18 June 2014
Between 2011 and 2013 boxed sheepmeat and beef exports to China jumped from just 3 per cent to 17 per cent of all Australian beef and sheepmeat exports, according to data from the Department of Agriculture and Meat and Livestock Australia.
Demand for red meat in China is being driven by increasing urbanisation, rising incomes and a changing palate, which when combined with a restricted domestic supply create huge opportunities for the Australian industry.
And the growth in the Chinese market is seeing product diverted from other markets, according to Mecardo analyst Gregorio Vial.
In terms of beef, in 2005, 91 per cent was exported to three countries; Japan, the USA and South Korea.
That number had dropped to 60 per cent in 2013, and China had taken South Korea’s spot in the top three export destinations.

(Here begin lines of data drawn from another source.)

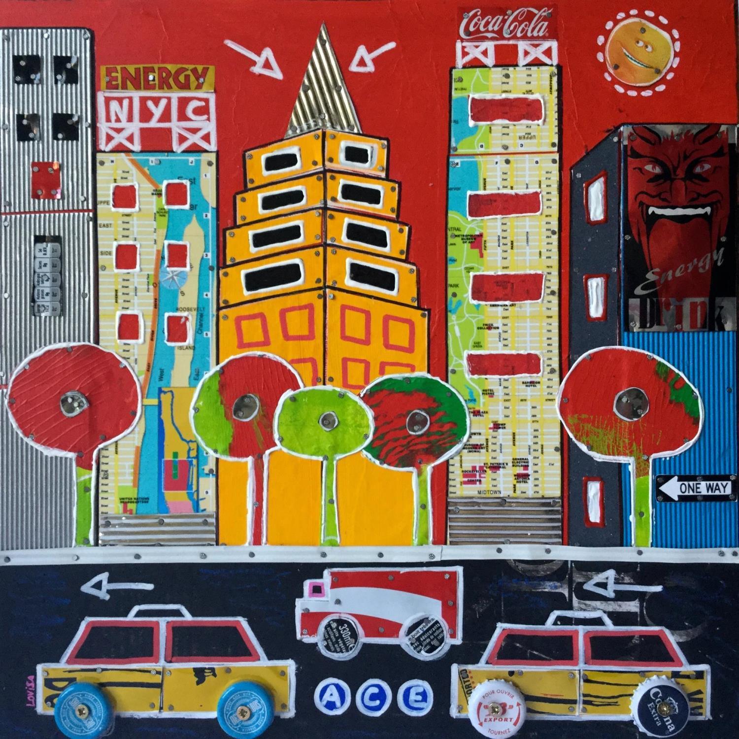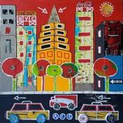L'artiste a utilisé la technique Bois pour créer cette peinture petit format sur Bois de style Pop-art sur le thème Urbain.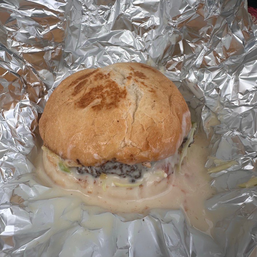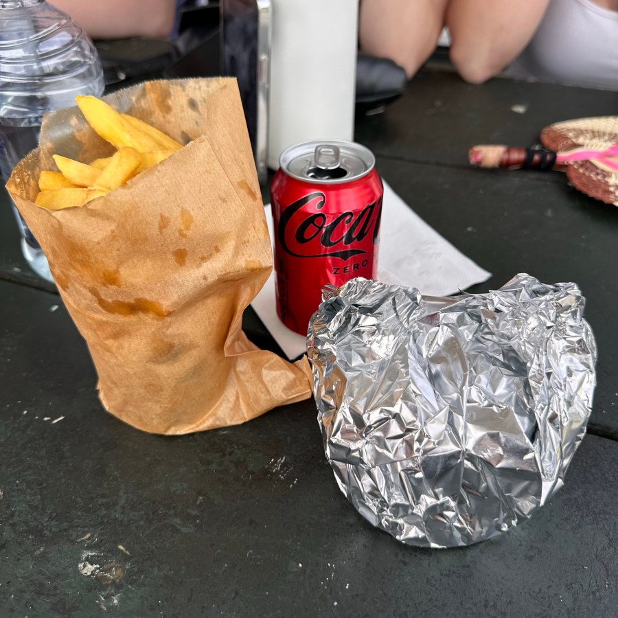 The “wet” cheeseburger was on a whole other level. Wrapped in foil, it came with a rich, flavorful sauce at the bottom—probably a blend of mayonnaise and coconut milk. The salad was pared down to just lettuce, but the sauce made up for it. This burger was a total surprise—one of the best I’ve had. It was simple, classic, and the sauce added a messy but worthwhile twist.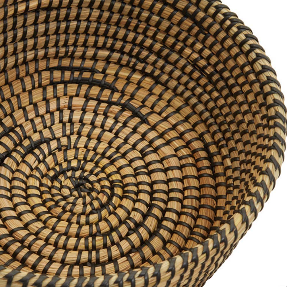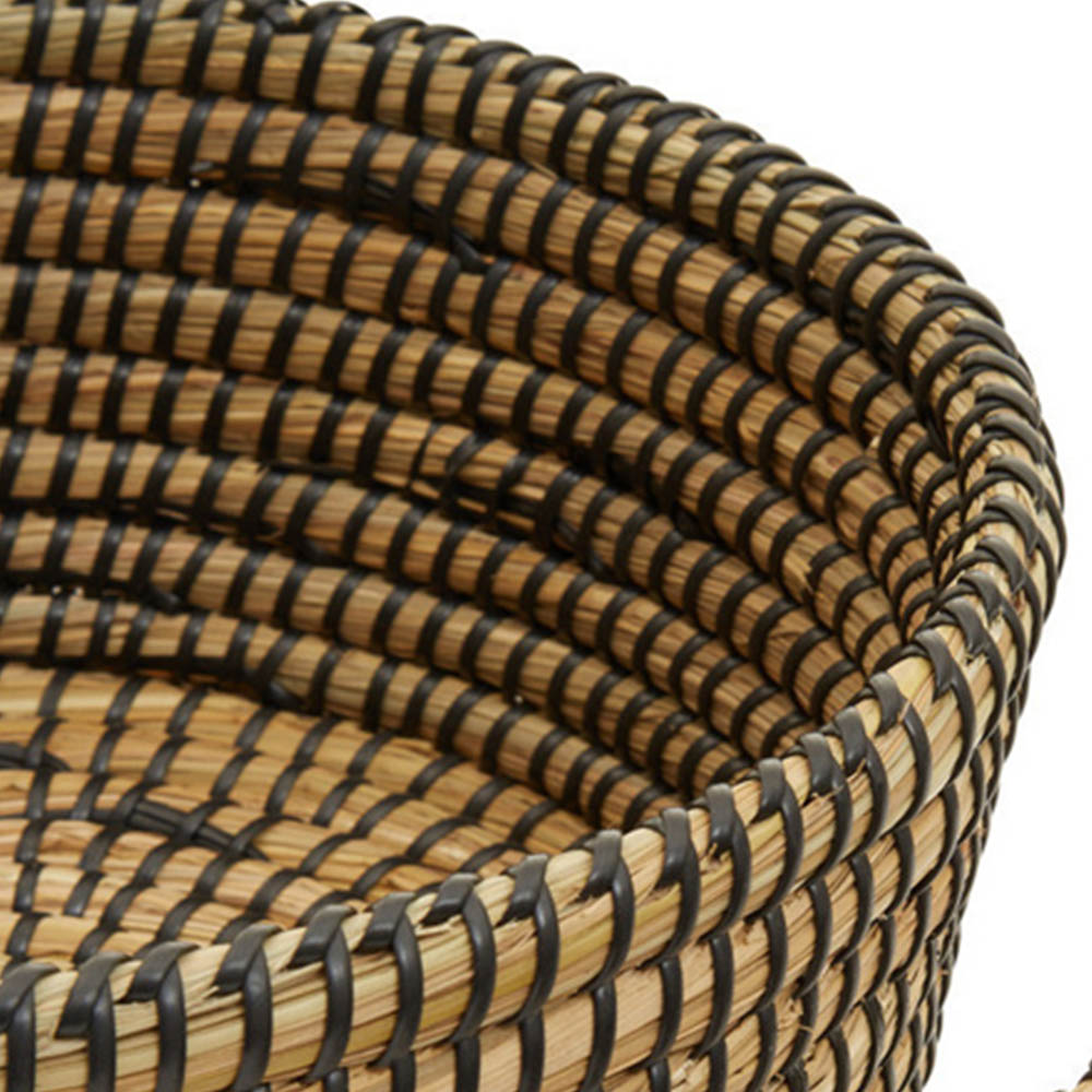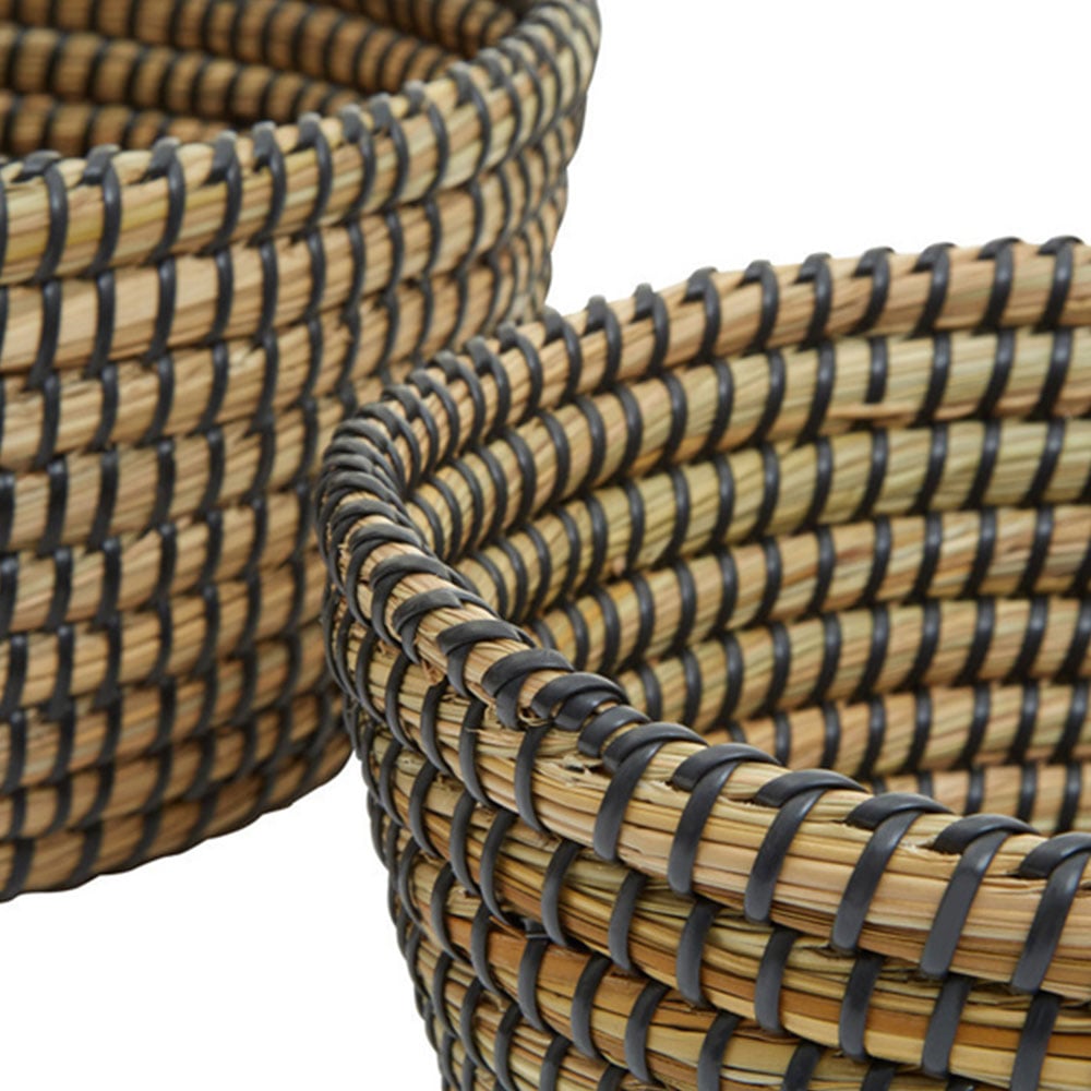 This set of three oval straw baskets offers ample storage and adds warmth and sophistication to your home. Crafted from natural straw, each basket features a charming rounded design with twisted seagrass detail in a black finish accenting the tubular sides. Perfect for any room, these baskets are a beautiful and practical storage solution.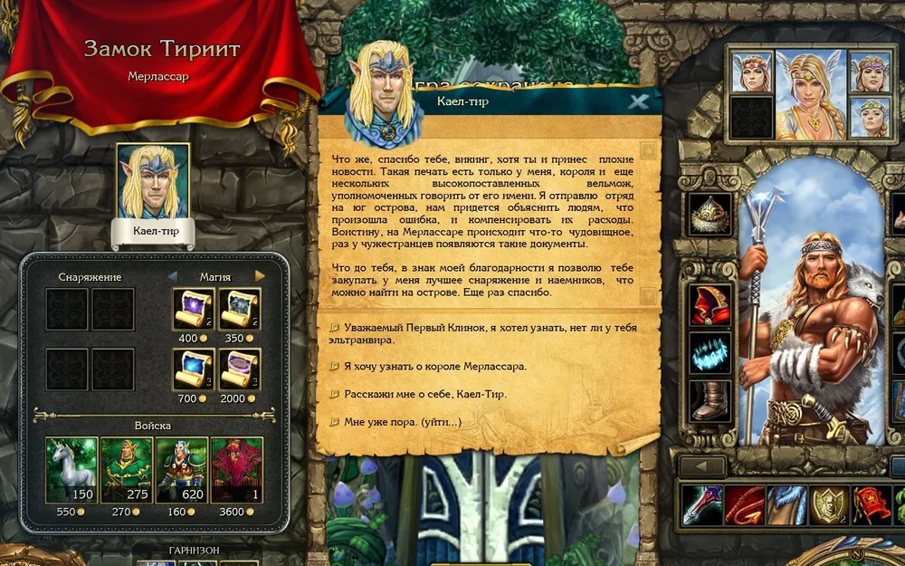 Благодарный Каел-Тир в ответ на информацию об уничтожении леса пообещал мне доступ к лучшему снаряжению и наёмникам из всех, доступных на острове. И состав его наёмников действительно обновился: в замке появился древний энт. Единственный.

The sheepmeat market has also diversified, with China taking a larger share.
Mr Vial says, just like for many other Australian agricultural products, a perception of safety and quality helps sales in China.
“There has been a number of food safety concerns in China, and this drives demand for Australian produce.”
Adelaide-based meat exporter Samex has felt the effects of the growing demand.
Exports manager Simon Linke says of the approximately 50 countries they export beef and sheepmeat to, China is close to the most important.
“China’s taken on a huge role, Samex has been exporting to China since the early nineties.
“What we’re seeing now is that the rage of products is expanding, beef has become more popular.”
Mr Linke says the company has been lucky to avoid having to divert stock away from other countries in order to maintain supply to China.